Because the copy must hold no pictures, return the data below with all of its words intact.

** Available data follows **

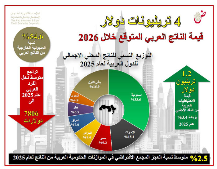 توقعت المؤسسة العربية لضمان الاستثمار وائتمان الصادرات ارتفاع قيمة الناتج المحلي الإجمالي العربي بمعدل 6ر5 بالمئة لتبلغ نحو 4 تريليونات دولار عام 2026 بدفع من النمو المرجح في الناتج المحلي في 19 دولة عربية منها 8 اقتصادات نفطية تساهم وحدها بأكثر من 70 في المئة من الناتج العربي الإجمالي.
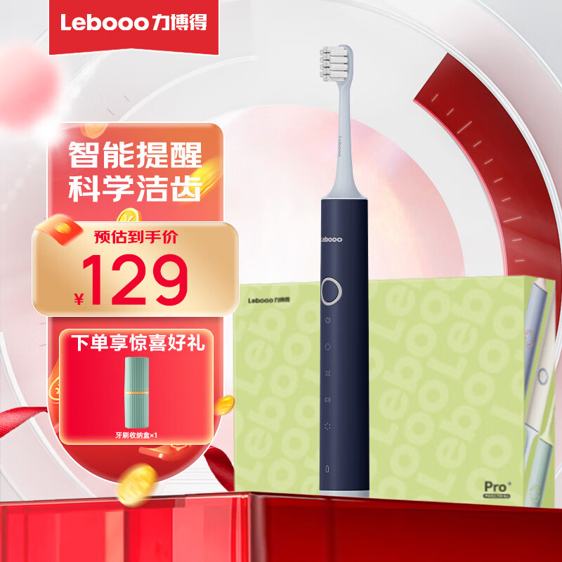 力博得(Lebooo)电动牙刷智能震动全自动充电式成人情侣节日礼物 升级120天续航 悦心PCN3款 12刷头(疾速回蓝)价格:159.00元!
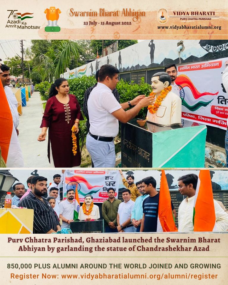 Purv Chhatra Parishad, Ghaziabad launched the Swarnim Bharat Abhiyan by garlanding the statue of Chandrashekhar Azad.
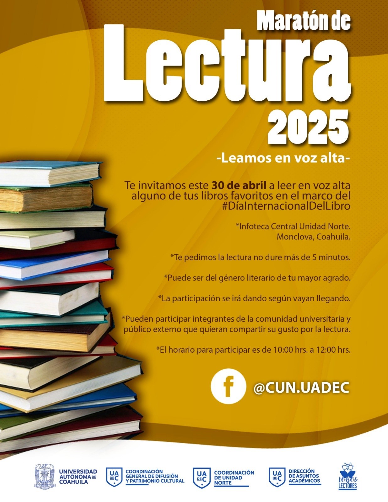 Con el objetivo de fomentar y fortalecer el gusto por la lectura, la Universidad Autónoma de Coahuila a través de la Coordinación General de Difusión y Patrimonio Cultural, las tres Unidades Sureste, Laguna y Norte, el Sistema de Infotecas Centrales, escuelas y dependencias, llevó a cabo el Maratón de Lectura en Voz Alta 2025, en donde universitarios, estudiantes, docentes y colaboradores participaron para conmemorar el Día Internacional del Libro.

** End of Available data **

### Output below
 توقعت المؤسسة العربية لضمان الاستثمار وائتمان الصادرات ارتفاع قيمة الناتج المحلي الإجمالي العربي بمعدل 6ر5 بالمئة لتبلغ نحو 4 تريليونات دولار عام 2026 بدفع من النمو المرجح في الناتج المحلي في 19 دولة عربية منها 8 اقتصادات نفطية تساهم وحدها بأكثر من 70 في المئة من الناتج العربي الإجمالي.
 力博得(Lebooo)电动牙刷智能震动全自动充电式成人情侣节日礼物 升级120天续航 悦心PCN3款 12刷头(疾速回蓝)价格:159.00元!
 Purv Chhatra Parishad, Ghaziabad launched the Swarnim Bharat Abhiyan by garlanding the statue of Chandrashekhar Azad.
 Con el objetivo de fomentar y fortalecer el gusto por la lectura, la Universidad Autónoma de Coahuila a través de la Coordinación General de Difusión y Patrimonio Cultural, las tres Unidades Sureste, Laguna y Norte, el Sistema de Infotecas Centrales, escuelas y dependencias, llevó a cabo el Maratón de Lectura en Voz Alta 2025, en donde universitarios, estudiantes, docentes y colaboradores participaron para conmemorar el Día Internacional del Libro.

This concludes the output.